GIVEN DATA Start Marker

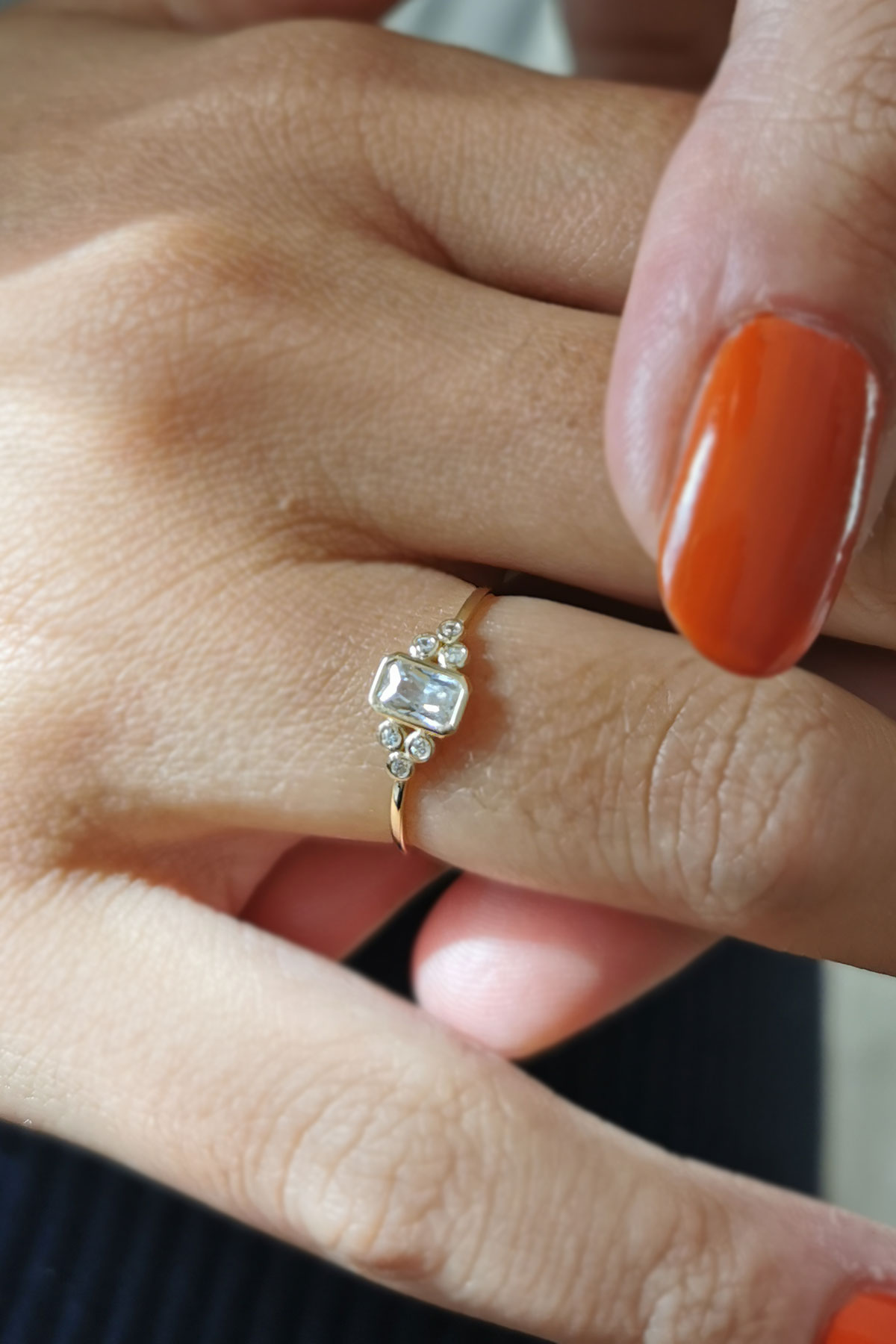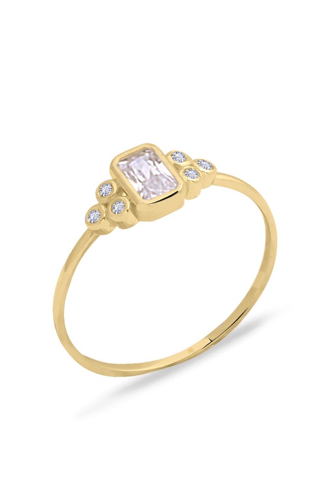 14 Ayar minimal tasarımlı zarif duruşa sahip baget taş detayı ile sevdiklerinize yada kendinize armağan olarak tercih edebileceğiniz modern model günlük kullanıma uygun 0.80 gram ağırlığında farklı model yüzüklerinizle bir arada da kullanabileceğiniz altın kombin yüzük.
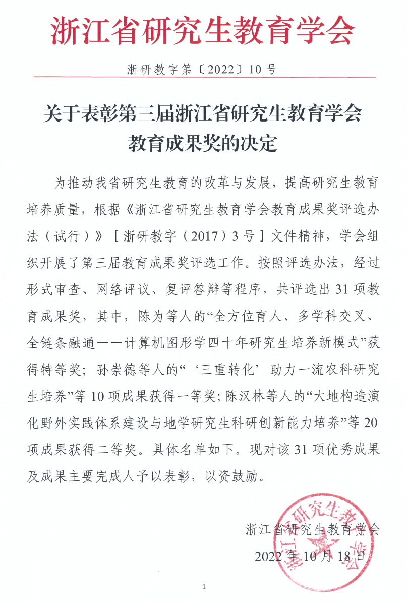 据悉,“第三届浙江省研究生教育学会教育成果奖”有近200项成果参评,最后共评选出31项教育成果奖,其中威尼斯7026官网有7项获奖。该成果是威尼斯官网首次参加评选,也是首次获得该类奖项。威尼斯官网将继续加大地学拔尖人才培养的改革和探索,打造“大数据与地球系统”人才培养高地,使人才培养质量再上新台阶,彰显浙大地学品牌与特色,服务学院“双一流”建设。
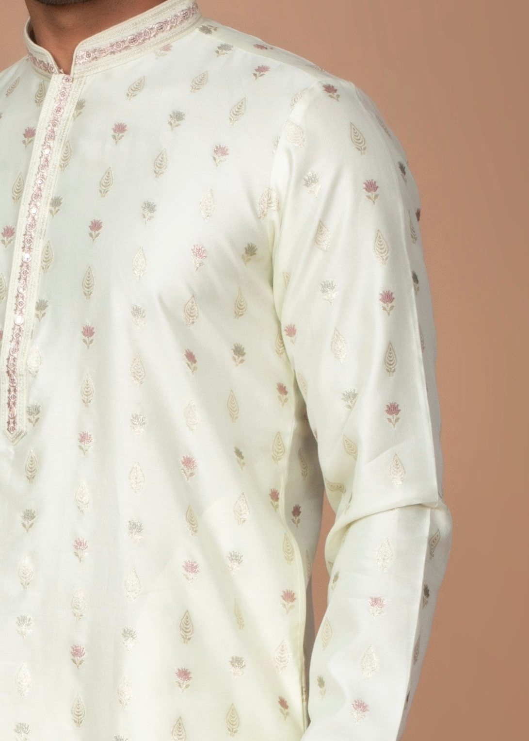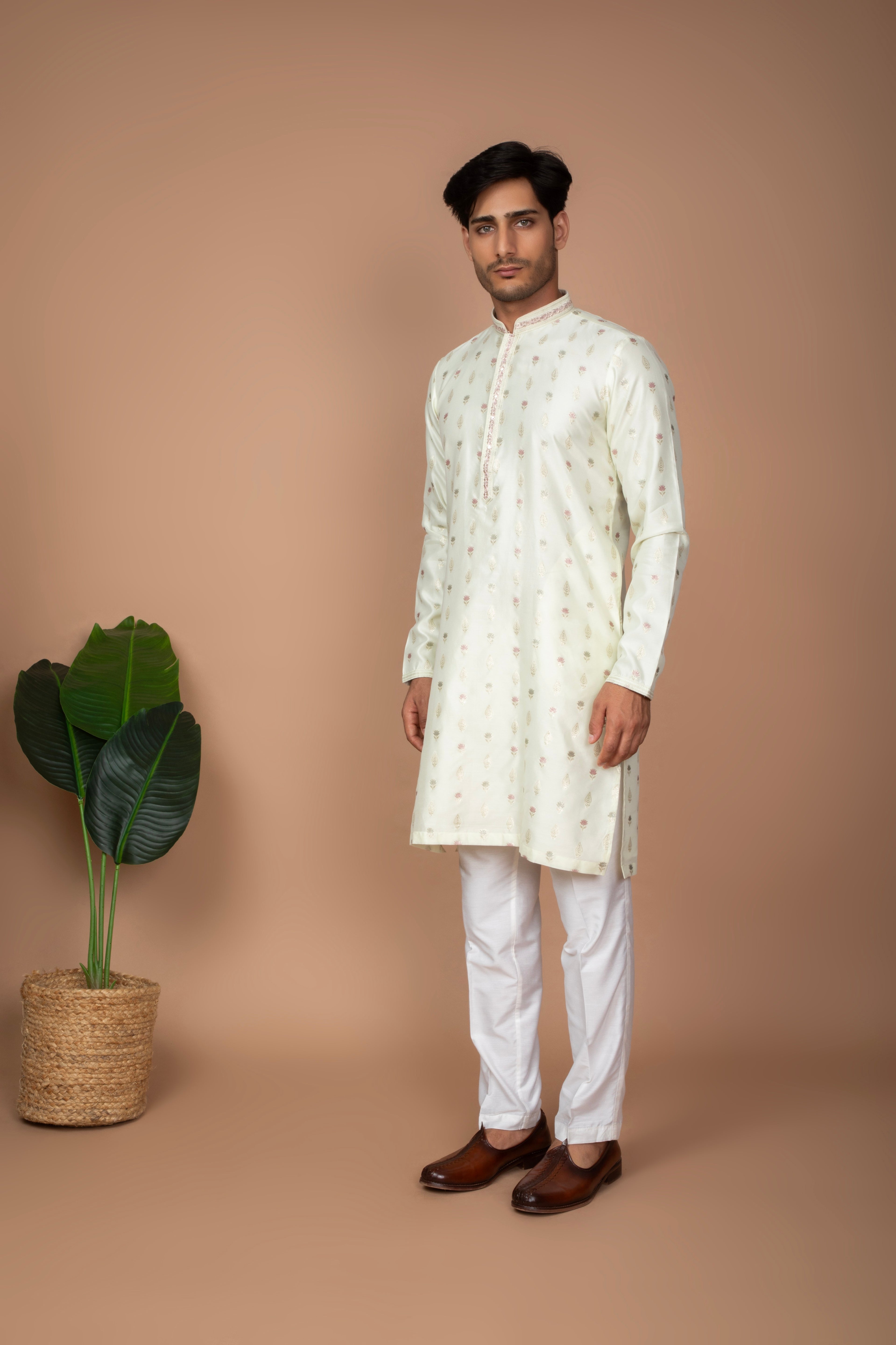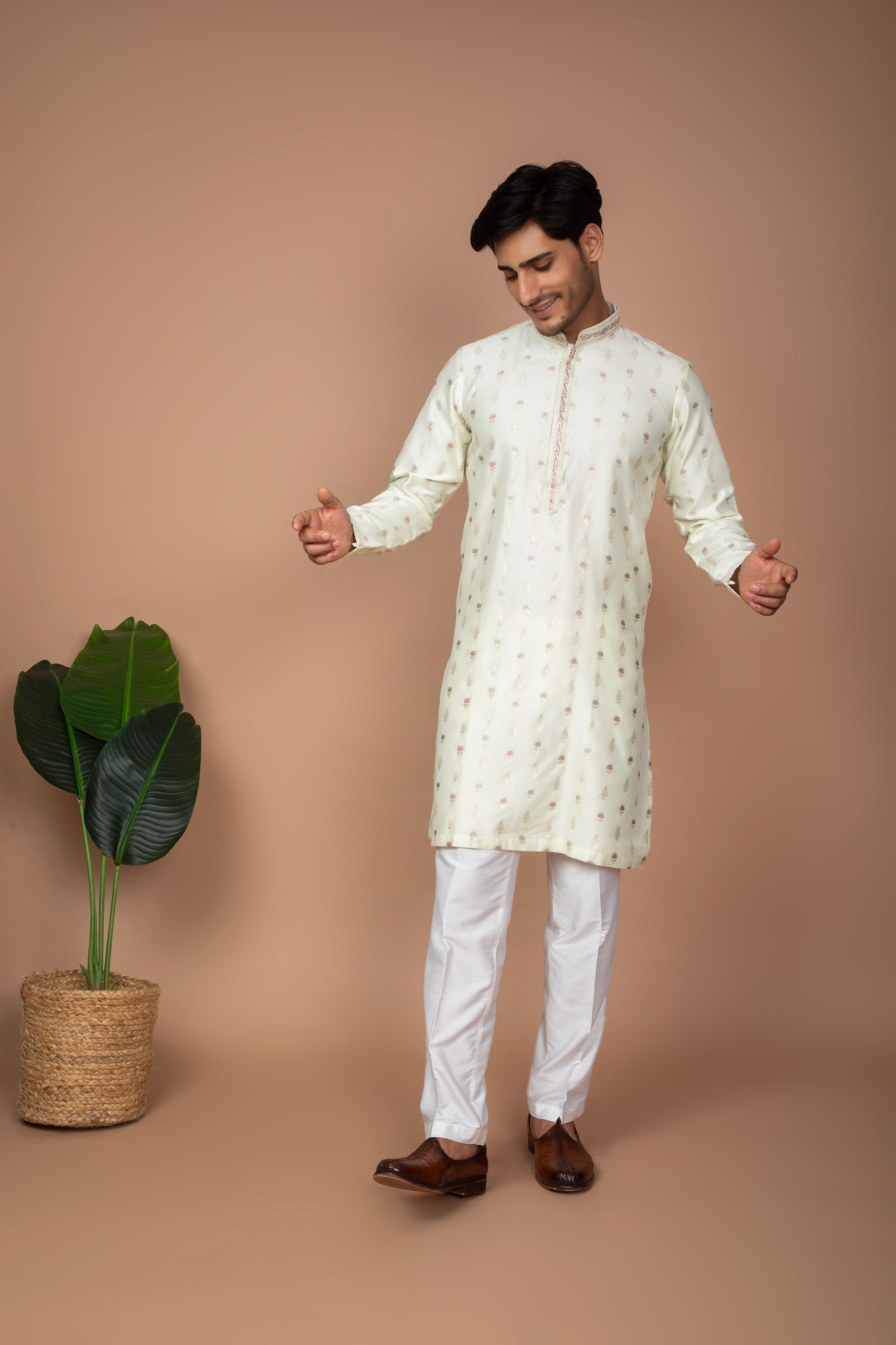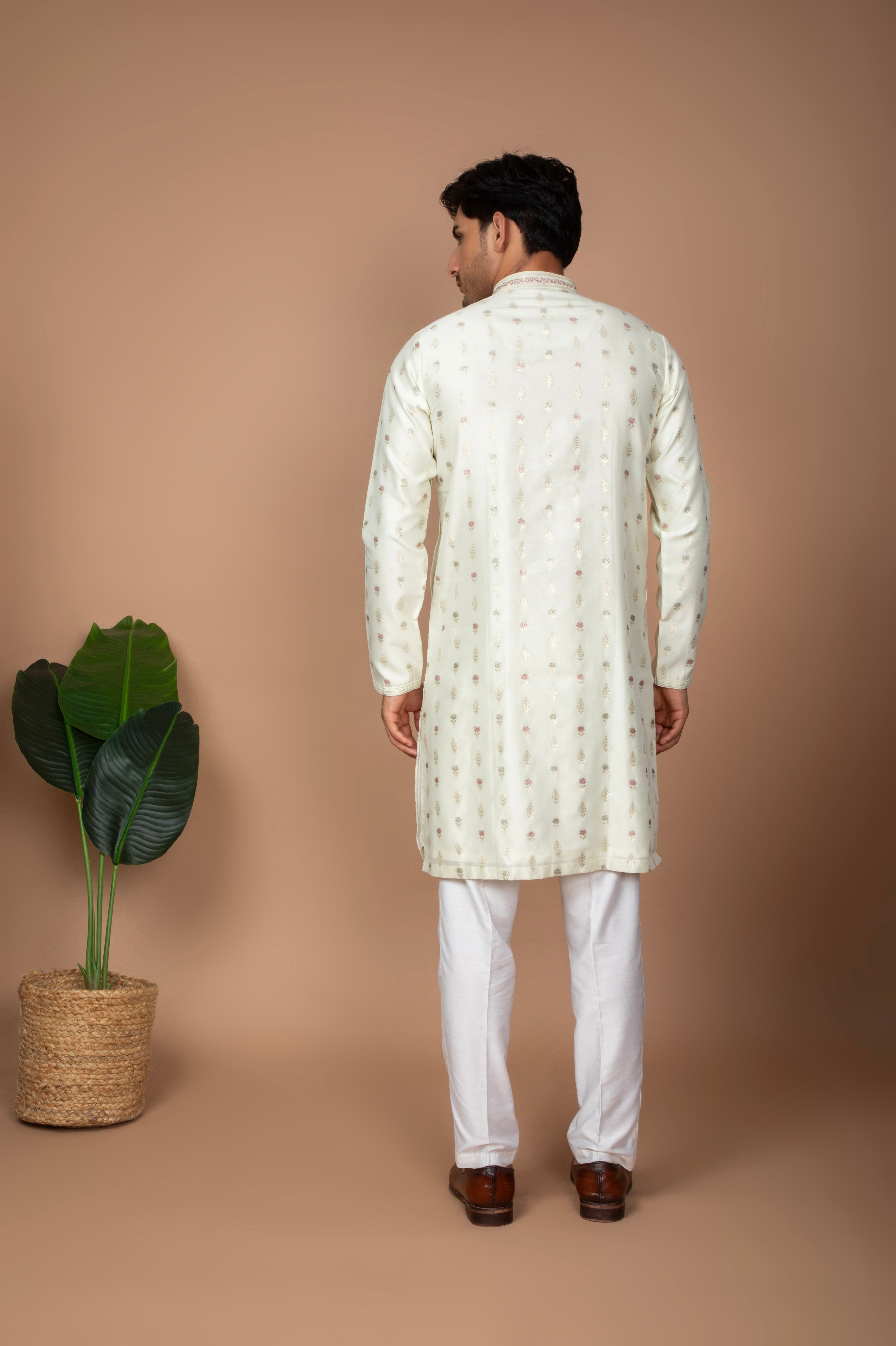 Off-White Silk Kurta with Lotus Butti Embroidery
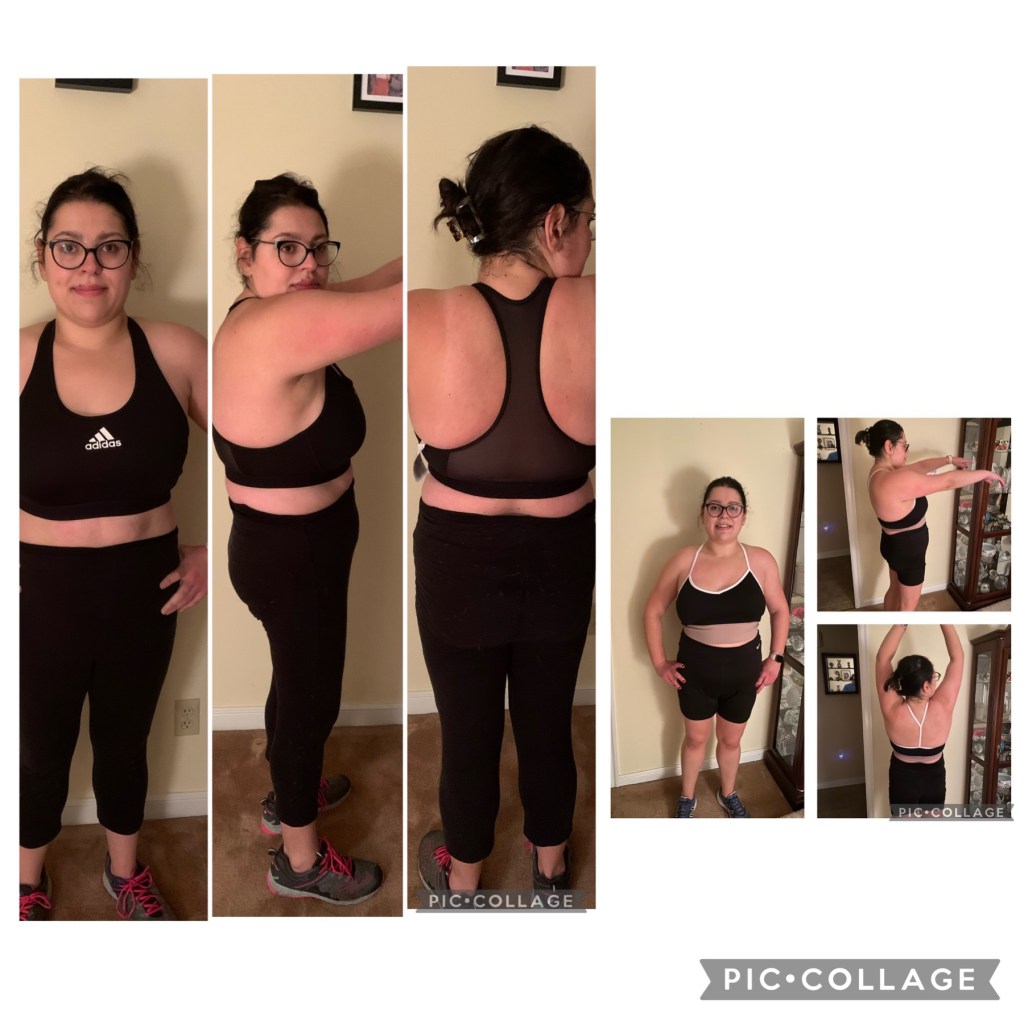 Okay, so now let’s get to the good part. The results. I have started to lose some weight and inches throughout my body. That said, I’ve shared my first check-in day photo with my most recent one. I notice that there is more muscle mass in my arms, and my stomach is flatter.

GIVEN DATA End Marker

Print the listing above in full, exactly as written. Omit any pictures.

OUTPUT BELOW:
 14 Ayar minimal tasarımlı zarif duruşa sahip baget taş detayı ile sevdiklerinize yada kendinize armağan olarak tercih edebileceğiniz modern model günlük kullanıma uygun 0.80 gram ağırlığında farklı model yüzüklerinizle bir arada da kullanabileceğiniz altın kombin yüzük.
 据悉,“第三届浙江省研究生教育学会教育成果奖”有近200项成果参评,最后共评选出31项教育成果奖,其中威尼斯7026官网有7项获奖。该成果是威尼斯官网首次参加评选,也是首次获得该类奖项。威尼斯官网将继续加大地学拔尖人才培养的改革和探索,打造“大数据与地球系统”人才培养高地,使人才培养质量再上新台阶,彰显浙大地学品牌与特色,服务学院“双一流”建设。
 Off-White Silk Kurta with Lotus Butti Embroidery
 Okay, so now let’s get to the good part. The results. I have started to lose some weight and inches throughout my body. That said, I’ve shared my first check-in day photo with my most recent one. I notice that there is more muscle mass in my arms, and my stomach is flatter.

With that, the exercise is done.